You deceive your vegetables in a big pool

Refuge

Yes, carrot and celery sticks are healthy additions to your lunch, but the dip that you serve them can prevent your weight loss efforts. The popular dive containers can have up to 210 calories and 21 grams of fat! If you do not dare to eat your naked veggie, go to a single serk hummus. We love the Squeeze Wild Garden packs, which have only 63 calories and three grams of fat.

6

Your thermos is loaded with sodium and chemicals

Whipping up a large batch of homemade chili or vegetable soup during the weekend is a good healthy lunch for those who have little time for mid-week meal preparation. Packing a variety purchased in store, on the other hand, does not always guarantee a healthy lunch. Many soup cans are loaded with sodium levels inducing the sky and can be laced with BPA, a chemical that has been linked to obesity. If you do not have time to make your own variety at home, look for bobs without BPA and have less than 120 calories and 600 mg sodium per serving. Most Campbell V8 soups are good options.

7

You do not make a drink

Drinking water is essential for all functions of your body, and the more you drink, better your chances are to remain thin. In fact, a university from the University of Utah found that diet people who reduced two cups of water before each meal losing 30% more weight than their counterparts that did not hit H20 . In fact, drinking water is so important that a group of scientists hopes to convince the Advisory Committee for Food Guidelines to add a water icon to the upcoming version of the updated update mode (the guide of the USDA nutrition). If you do not have a water cooler at your desktop, fill a bottle without BPA with water at home and drink at least two cups during lunch.

8

You forget the "plate rule"

Refuge

Even if you may never eat your brown bag, a real plate, you should always follow the MyPate guidelines.
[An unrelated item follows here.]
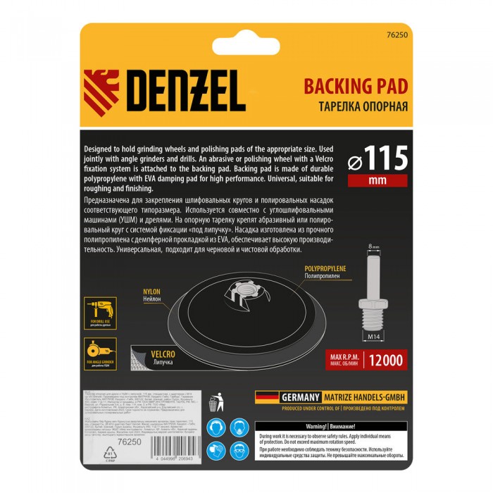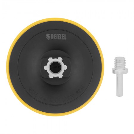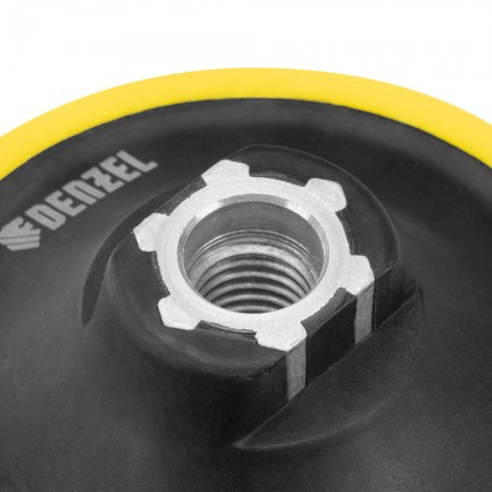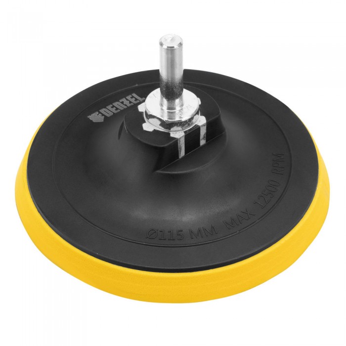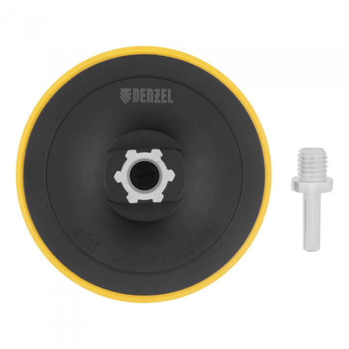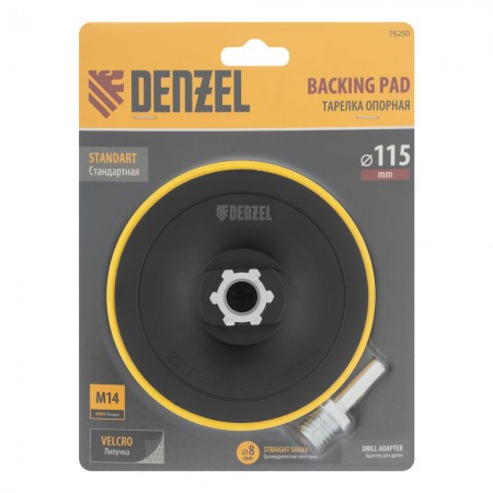 Тарелка опорная для дрели и УШМ с липучкой, 115 мм, стандартная, с адаптером c М14 на d8 Denzel (76250)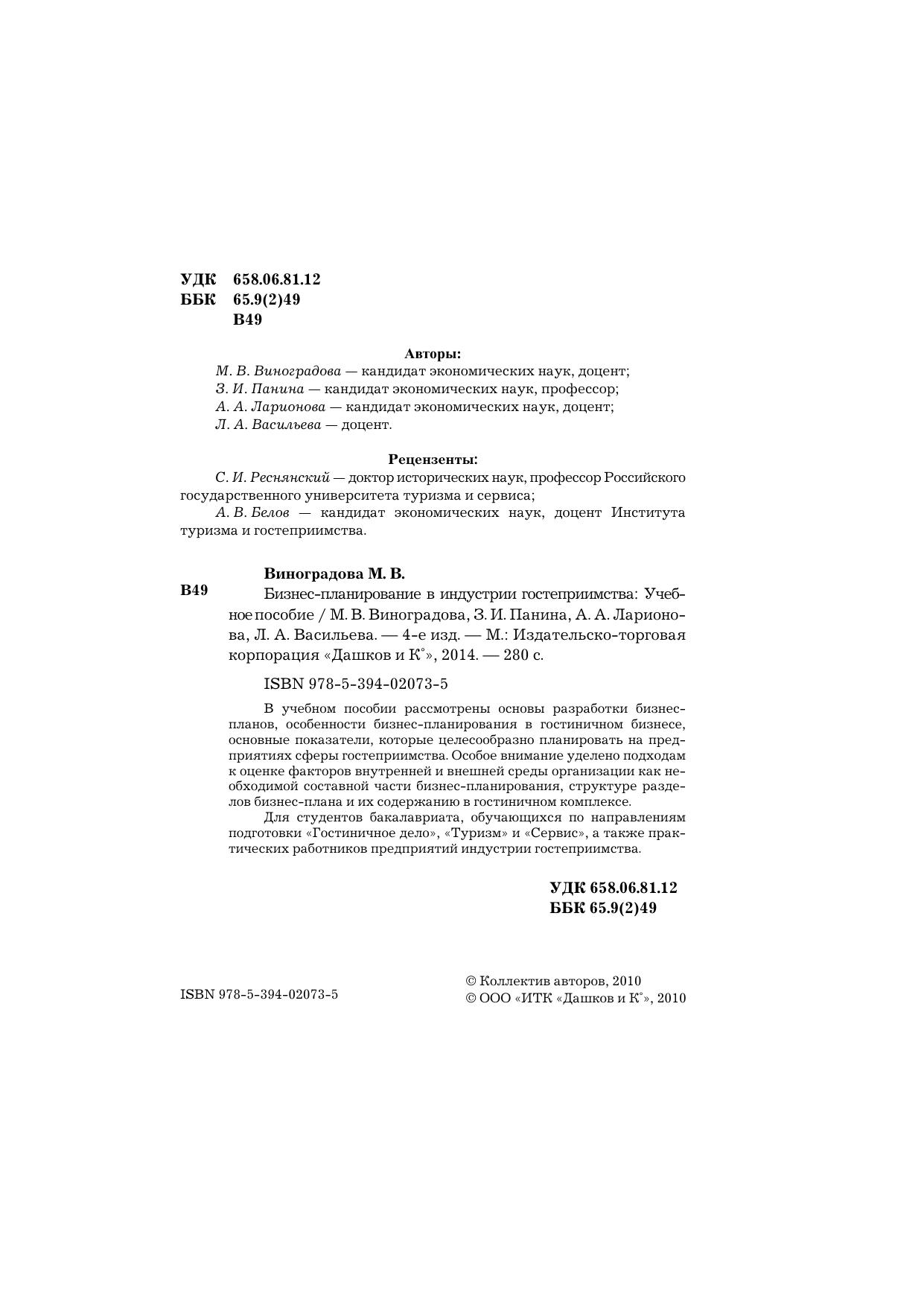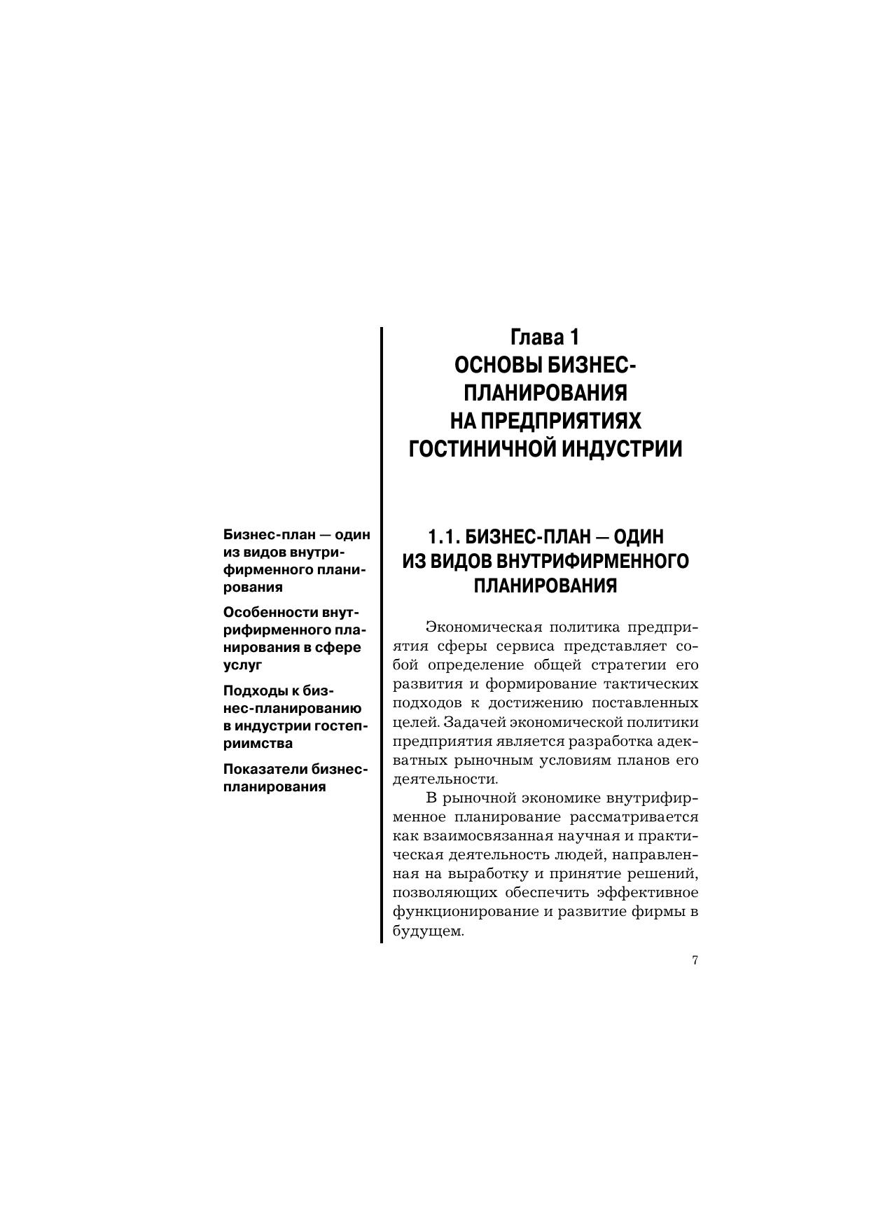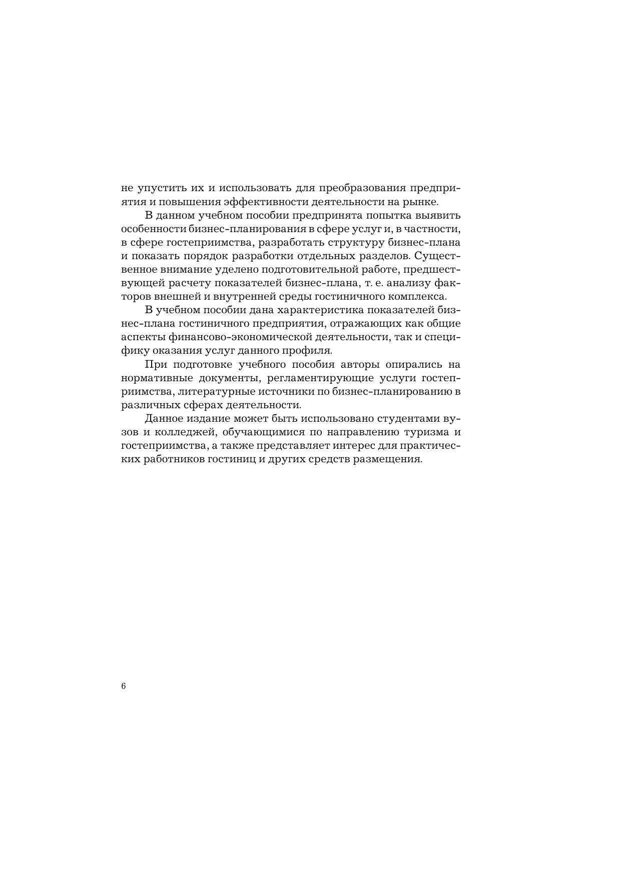 В учебном пособии рассмотрены основы разработки бизнес-планов, особенности бизнес-планирования в гостиничном бизнесе, основные показатели, которые целесообразно планировать на предприятиях сферы гостеприимства. Особое внимание уделено подходам к оценке факторов внутренней и внешней среды организации как необходимой составной части бизнес-планирования, структуре разделов бизнес-плана и их содержанию в гостиничном комплексе. Для студентов бакалавриата, обучающихся по направлениям подготовки «Гостиничное дело», «Туризм» и «Сервис», а также практических работников предприятий индустрии гостеприимства.

Fruits and vegetables should include half of your meal, protein, beans, tofu, chicken, beans or cottage cheese, should take a quarter and a grain should fill the remaining 25%. This can help imagine the diffusion of objects in your lunch on a real plate to see if your meal tastes the invoice.

9

Your food is low in bold

If you usually pack low fat cookies, crackers and snacks in your brown bag like a "healthy" dessert, you may want to reconsider. When food manufacturers eliminate fat, they usually replace it with rapid digest carbohydrates that cause rapid blood glucose and fast drop, increasing the chances that the vending machine will call your name shortly after. If you are eager to sandwiches with peanut butter, the same basic rule is true. Use complete grease butters to keep hungry at the bay and stay slim.